During July and August 2019, Visegrad Insight with the Association for International Affairs (AMO) and in cooperation with Konrad-Adenauer-Stiftung and Slovak Foreign Policy Association carried out a survey among key actors of V4 countries’ foreign policies. Politicians, civil servants, journalists, researchers and business representatives answered questions concerning their perception of current foreign policy issues and their expectations about them for the future. The conclusions of the survey have brought us a unique insight into how different policymakers reflect upon various foreign policy phenomena.
More than 450 respondents from the Czech Republic, Slovakia, Hungary and Poland answered these and many other questions included in the survey carried out by AMO in July and August 2019.
Although the four countries are often perceived by outsiders as a cohesive, unified, often Eurosceptic actor, the Trends of Visegrád Foreign Policy 2019 survey shows that views in the Visegrád Group when it comes to most areas of foreign policy are not monolithic.
The results including visualizations, entire dataset and the paper summarizing some of the key takeaways are available on trendy.amo.cz.
Main Findings:
- Germany and USA are regarded as the most important partners for all Visegrad countries.
- The mutual perception of importance among the Visegrad countries is strong, Perceptions of the overall quality of relations of the Visegrad countries to one another differ.
- Coordination in the EU is evaluated as the most successful area of Visegrad cooperation and also the one that is wished to grow the most in importance in the next 5 years.
- Membership of the European Union is seen to be almost unanimously beneficial in all Visegrad countries.
- The overwhelming majority expects climate and environmental issues, asylum and migration policy, the digital agenda, CFSP/CSDP, relations with the UK, and energy policy to gain more or somewhat more attention on the European agenda in the next five years. Most appear as priorities set out by Ursula von der Leyen.
- The Visegrad Group overall is not perceived as a concerted, constructive or especially influential actor in the European Union.
- There is no widespread appetite to immediately suspend sanctions against Russia.
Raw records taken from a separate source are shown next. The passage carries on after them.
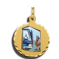 3/4" x 3/4" Round Charm. Comes complete with a durable "Split Ring" to fasten the charm to your own charm bracelet
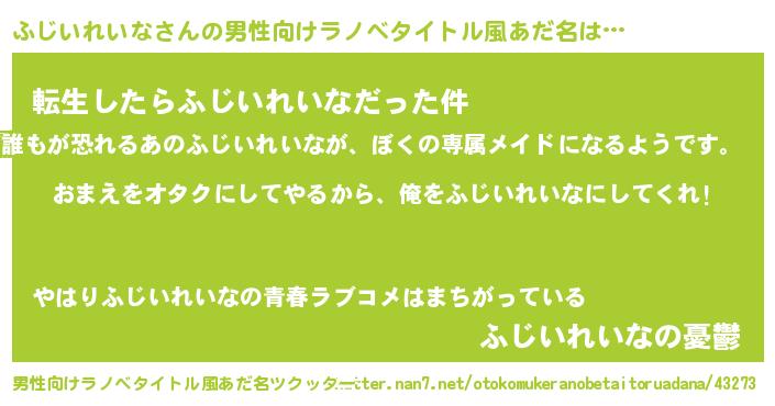 | 女子向けラノベタイトル風あだ名 | 『ふじいれいな夫妻のなれそめ』 |
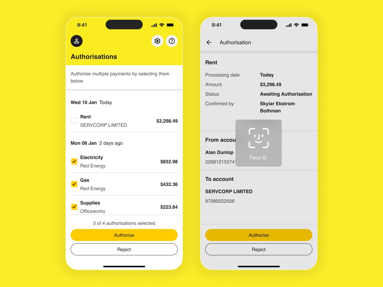 The payment authorisation flow was central to the happy path. We designed a clean list where users select one or multiple payments, then approve using Face ID. This single change transformed a core business process, making it feel fast and secure.
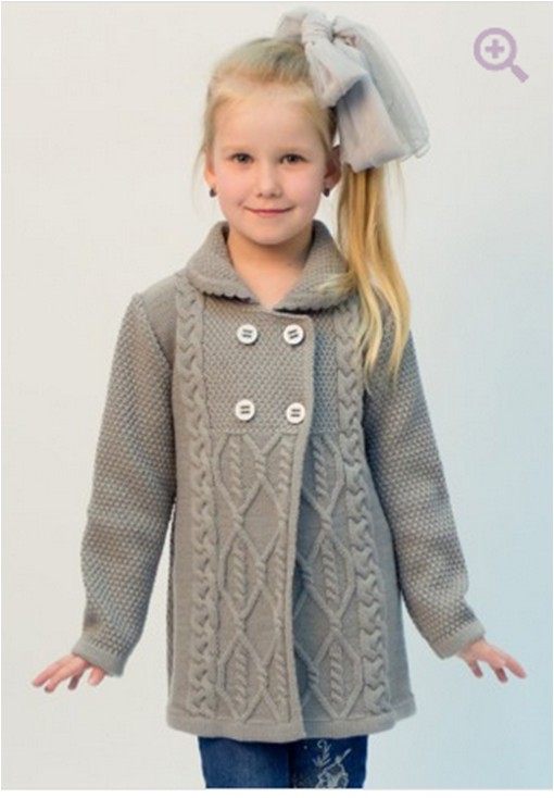 Пальто на четырех пуговицах с отложным воротником. Дополнено косами. Имитация ручной вязки
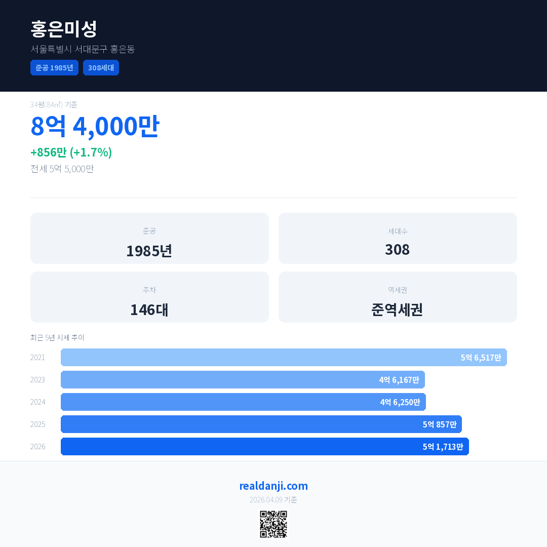 홍은미성 국민평형 기준 2026년 평균 거래가는 5억 1,713만으로, 전년 대비 1.7% 상승 했습니다.
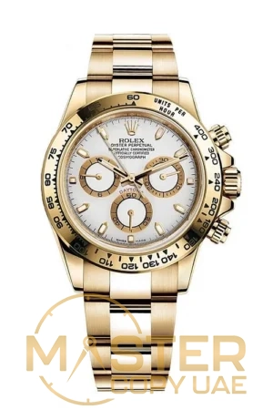 Rolex Daytona 116508 dazzles with an 18k yellow gold case, white dial, and precise chronograph functions—luxury and performance in one iconic timepiece.
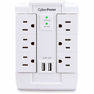 The CyberPower Professional Series CSP600WSURC2 Surge Protector is ideal for Home/Office protection with 1500 joules, 6 swivel outlets, 2 USB charge ports (2.4 Amps shared), and a convenient wall tap design. The surge protector is ideal for protecting personal computers, phones/fax/modems, printers, stereos, and other electronics. Its two USB are perfect for keeping tablets, smart phones, and other rechargeable electronics ready to use.
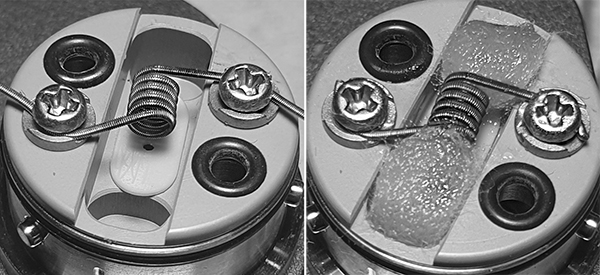 Beim A(rise) wird durch eine Drehung des Tanks (und nicht des Closing-Rings wie beim N(duro!) zum einen die Liquidzufuhr verringert bis verschlossen, sondern zum anderen wird gleichzeitig auch die Luftmenge äußerlich durch eine veränderbare Öffnung bestimmt. Dieser Liquid-Schließmechanismus ist eine Verbesserung in Anlehnung an die schon erprobten Ideen beim N(duro) & Squape-X:
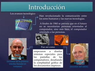 Este documento trata sobre la interacción humano-computador y la importancia del diseño de interfaces de aplicaciones. Explica que la interacción humano-computador estudia el proceso de comunicación entre el usuario y la computadora, considerando los componentes del sistema como el usuario, el computador y la interfaz. Resalta que una interfaz bien diseñada minimiza las acciones del usuario y facilita la ubicación de información relevante, mejorando la experiencia del usuario.

Visegrad stakeholders overwhelmingly think those should remain in place until Russia fully respects Ukraine’s territorial integrity.
- EU-US relations, but not bilateral ones, are expected to worsen in the field of economy and trade, while both EU and bilateral ties in security and defense are mostly foreseen to remain of the current quality.
- Visegrad stakeholders regard China’s actions as a threat to their country’s and the EU’s security.